CASINOROYALE2« CASINO ROYALE », réalisé à quatre mains dont celles de John Huston, se voudrait une folie autour de la folie 007 qui déferlait alors sur le monde à chaque sortie d’un nouveau James Bond. C’est écrit – enfin, si on veut – dans cet esprit ‘camp’ qui faisait fureur avec les séries TV « BATMAN » ou « DES AGENTS TRÈS SPÉCIAUX » et… cela dure plus de deux heures.

Que dire ? C’est quasiment irregardable aujourd’hui, mais ça devait déjà l’être hier. Une sorte d’énorme pudding composé de sketches disparates, reliés par une trame très vague et sans intérêt. L’humour est lourd, répétitif, les décors sont hideux. La seule raison d’endurer tout cela est la BO vintage de Burt Bacharach qui insuffle un semblant d’entrain à la chose et l’avalanche de ‘guest stars’ et de jolies filles qu’on dirait échappées d’un show de Jean-Christophe Averty.

David Niven est un Bond vieillissant et précieux, Peter Sellers incarne… on ne sait pas très bien qui, Orson Welles s’autopastiche avec verve et Woody Allen, si peu drôle qu’il en devient embarrassant, joue le neveu débile et maléfique de Bond. Heureusement, Ursula Andress, Daliah Lavi, Barbara Bouchet et Jacqueline Bisset sont ravissantes, Joanna Pettet est une Mata-Hari très craquante. Le temps de fugitifs caméos, on reconnaît George Raft avec sa pièce de « SCARFACE », William Holden en agent de la CIA, Peter O’Toole jouant de la cornemuse et même Jean-Paul Belmondo en légionnaire moustachu et jovial.
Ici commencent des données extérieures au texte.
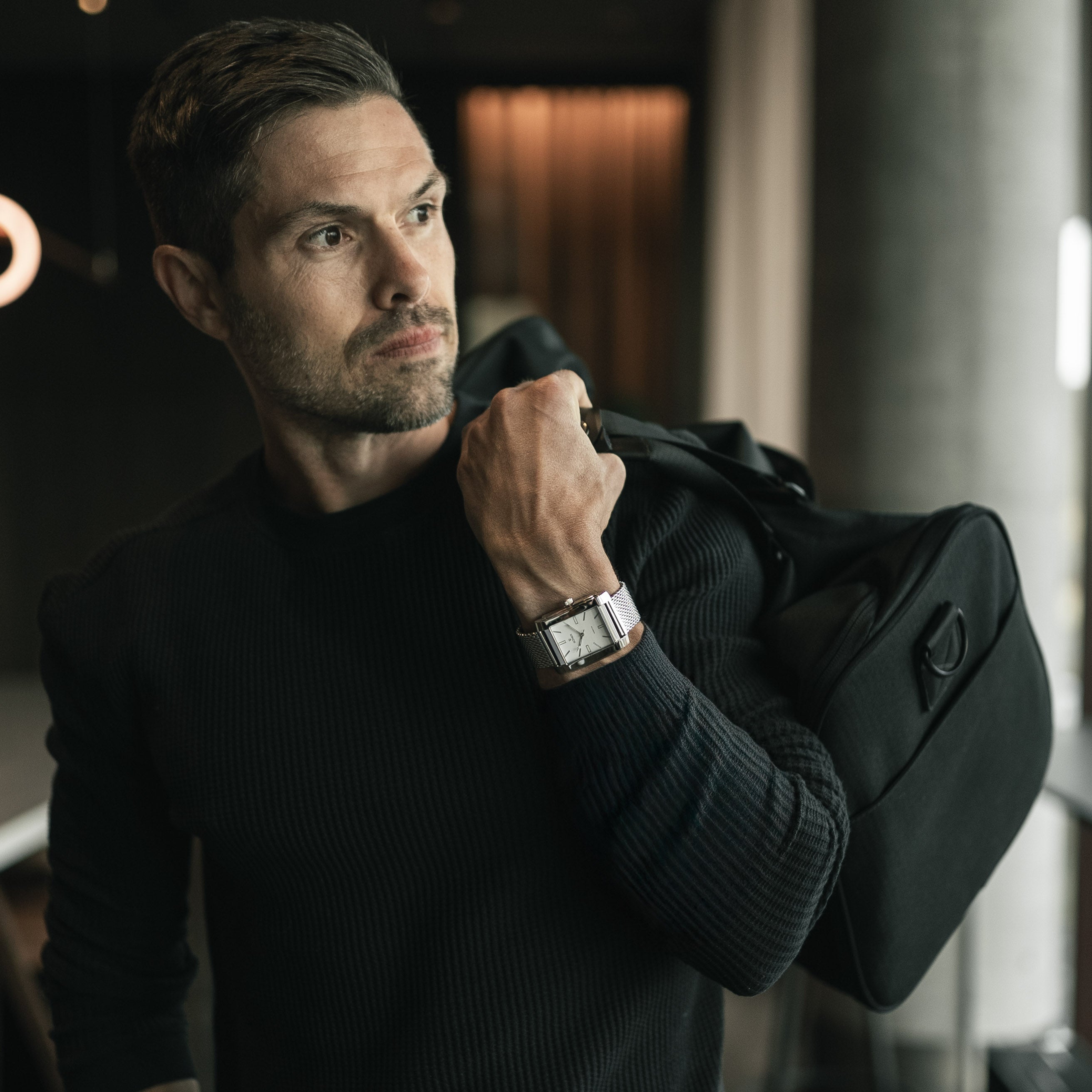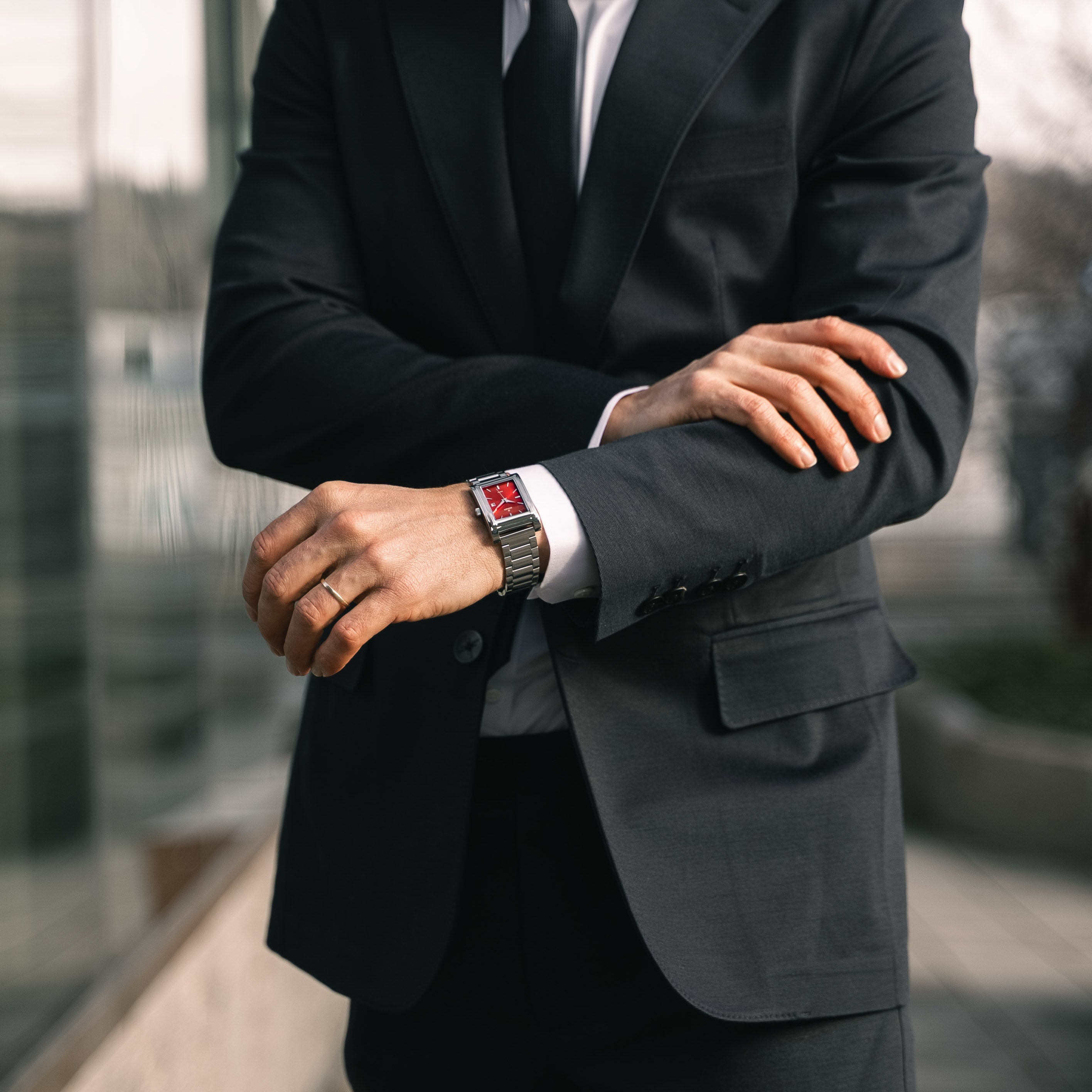 Choose a black dial on a bracelet with automatic movement for measured presence. Verify strap width and rating, add a quick-release leather strap for versatility, and ensure sleeve clearance under dress cuffs.
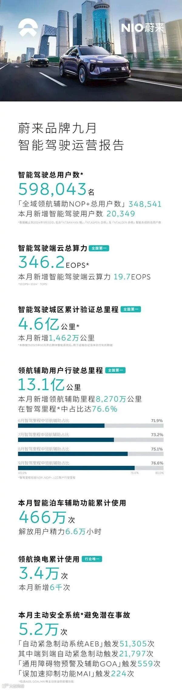 在智能驾驶里程方面,9月份用户智驾里程再次突破1亿公里的里程碑,其中领航辅助里程占比持续攀升至76.6%。

Mais celle qui émerge vraiment, c’est Deborah Kerr irrésistible en châtelaine écossaise à l’accent à couper au couteau et à la libido exigeante.

« CASINO ROYALE » est le film d’une époque, dont il résume parfaitement les excès, les complaisances, la liberté aussi. On se demande tout de même comment, après avoir lu le scénario, autant de vedettes devant et derrière la caméra ont pu apposer leur signature au bas d’un contrat.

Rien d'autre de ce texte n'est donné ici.